The object of term is only to describe specific embodiment and not as restriction of the present invention as used herein.When this uses, " one ", " one " and " described/to be somebody's turn to do " of singulative is also intended to comprise plural form, unless context is known point out other mode.It is also to be understood that term " composition " and/or " comprising ", when using in this specification, determine the existence of described feature, integer, step, operation, element and/or parts, but do not get rid of one or more other feature, integer, step, operation, element, the existence of parts and/or group or interpolation.When this uses, term "and/or" comprises any of relevant Listed Items and all combinations.
In order to thoroughly understand the present invention, detailed step and detailed structure will be proposed in following description, to explain technical scheme of the present invention.Preferred embodiment of the present invention is described in detail as follows, but except these are described in detail, the present invention can also have other embodiments.
In dual-microphone system, main microphone is arranged on the position near user's sounding position usually, and the voice signal that main microphones is arrived is stronger; Secondary microphone can be arranged on the position away from user's sounding position, and the voice signal received is more weak; Dual-microphone system also has the sizable feature of noise signal that two microphones arrive simultaneously.Therefore, in prior art, have a kind of technical scheme of being carried out voice activation judgement by primary and secondary microphone energy difference, wherein, when main microphone energy exceed time microphone energy to a certain degree after, think that current time signal is voice.The flow process of this method as shown in Figure 1.

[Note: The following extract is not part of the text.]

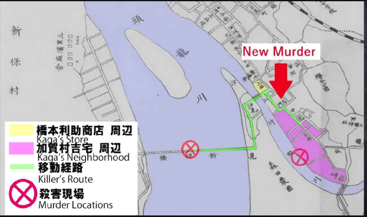 Муракичи Кага, 30 лет от роду, проживал в городке Микуни (теперь в составе Сакай Сити) в префектуре Фукуи, был женат на 25-летней Цуи, которая родила от него ребенка. Муракичи владел магазинчиком, обслуживающим корабли, был в городе на хорошем счету, не употреблял алкоголя. 11 февраля 1906 года, на улице бушевала пурга. Примерно в пять утра в магазинчик к Муракичи вошел человек, с головы до ног закутанный в синее одеяло. Не обращая внимания на работников магазина, он сразу обратился к Муракичи. Незнакомец уверял, что тете Муракичи нездоровится и ему нужно поспешить к ней. Муракичи сначала не поверил незнакомцу, но тот не отставал и, в конце концов, Муракичи сдался и пошел вместе с ним. Последний раз его видели вместе с незнакомцем возле моста через реку. Через два часа, в дверь дома Кага постучали. Кику, 59-летняя мать Муракичи, открыла дверь – на пороге стоял человек закутанный в синее одеяло. Кику сразу поверила в рассказ незнакомца об умирающем родственнике в соседней деревне и поспешила за ним. Последний раз ее видели у того же моста с незнакомцем. Еще через час в дом снова постучали. На этот раз незнакомец выманил жену Муракичи, которая пошла с ним проведать умирающего родственника. Судя по всему, незнакомец узнал о ребенке только во время это прогулки, т.к. через 40 минут он появился на пороге соседского дома, в котором присматривали за ребенком. Он снова разыграл свой спектакль перед соседкой, сказав что его послали за ребенком, а вся семья находится у умирающего родственника. Соседка наотрез отказалась отдавать двухлетнего ребенка незнакомцу. Она была непреклонна и незнакомец, потеряв терпение, обругал ее и ушел. Утром 12 февраля местный плотник шел на работу по мосту и наткнулся на большое кровавое пятно, кусок перил моста был вырублен топором. Прибывшая полиция, осмотрев место, пришла к выводу, что на мосту кого-то убили, а от тела избавились, сбросив с моста в воду. Рядом с домом Кага они нашли прибитую лодку с кровавыми следами на борту. Ниже по течению они нашли тело Цуи. Все указывало на то, что убийца заманил ее на лодку и во время переправы убил ее, а тело сбросил в реку. Местная полиция не была подготовлена к такому серьезному делу, поэтому они запросили помощи у полиции префектуры. 14 февраля тело Кику было найдено в эстуарии (устье реки, впадающее в океан). Найдя тела жены и матери, полиция начала подозревать в убийствах самого Муракичи, но эксперт, обследовавший мост, заключил, что крови было слишком много для одного убийства, поэтому, скорее всего, Муракичи был убит там же, а его тело унесло в океан. Опросив работников магазина и соседку, полиция узнала о мужчине в синем одеяле. На вид ему было лет тридцать, его голова была покрыта полотенцем, а тело завернуто в синее одеяло. Никаких особых примет очевидцам разглядеть не удалось. Он говорил спокойным тоном, только когда соседка отказалась отдавать ему ребенка, он вышел из себя. Опросив всех родственников, установили, что никто из них не болел и не посылал за Муракичи и его семьей. Каких-либо явных врагов или недоброжелателей установить тоже не смогли. Рабочей версией была зависть, т.к. бизнес у Муракичи был довольно успешным, а его жену Цуи называли красивой, но ни подозреваемых, ни следов, ни орудия убийства найти не удалось. 25 июля 1910 года, недалеко от дома Кага, 26-летний сын владельца мага

Technical scheme shown in Fig. 1 is by the physical arrangement support of primary and secondary microphone, and under identical signal to noise ratio (S/N ratio) condition, accuracy of judgement degree is significantly beyond the voice-activation detecting method only utilizing single microphone signal.But along with the further reduction of signal to noise ratio (S/N ratio), the energy of noise constantly strengthens, and the smoothness of noise constantly reduces, make the energy difference of two passages no longer obvious, cause this scheme accuracy rate only utilizing energy difference to carry out voice activation judgement to there will be significant decline.
Based on above-mentioned discovery, now provide a kind of dual microphone voice-activation detecting method, as shown in Figure 2, wherein,
Comprise the following steps:
Step 1, obtain the noise signal of a noisy speech signal and a corresponding noisy speech signal;
Step 2, frequency domain conversion is carried out to noisy speech signal, to obtain noisy speech signal amplitude spectrum, and frequency domain conversion is carried out to noise signal, to obtain noise signal amplitude spectrum;
Step 3, to noisy speech signal amplitude spectrum and noise signal amplitude spectrum carry out pre-filtering respectively;
The short time envelope of step 4, acquisition voice signal;
Step 5, utilize the short time envelope of voice signal to the noisy speech signal amplitude spectrum after pre-filtering and the noise signal amplitude after pre-filtering spectrum carry out shaping;
Step 6, carried out to the noisy speech signal amplitude spectrum after shaping and the spectrum of the noise signal amplitude after shaping cumulative comparison, to obtain an energy Ratios;
Step 7: judge whether to carry out voice activation according to energy Ratios.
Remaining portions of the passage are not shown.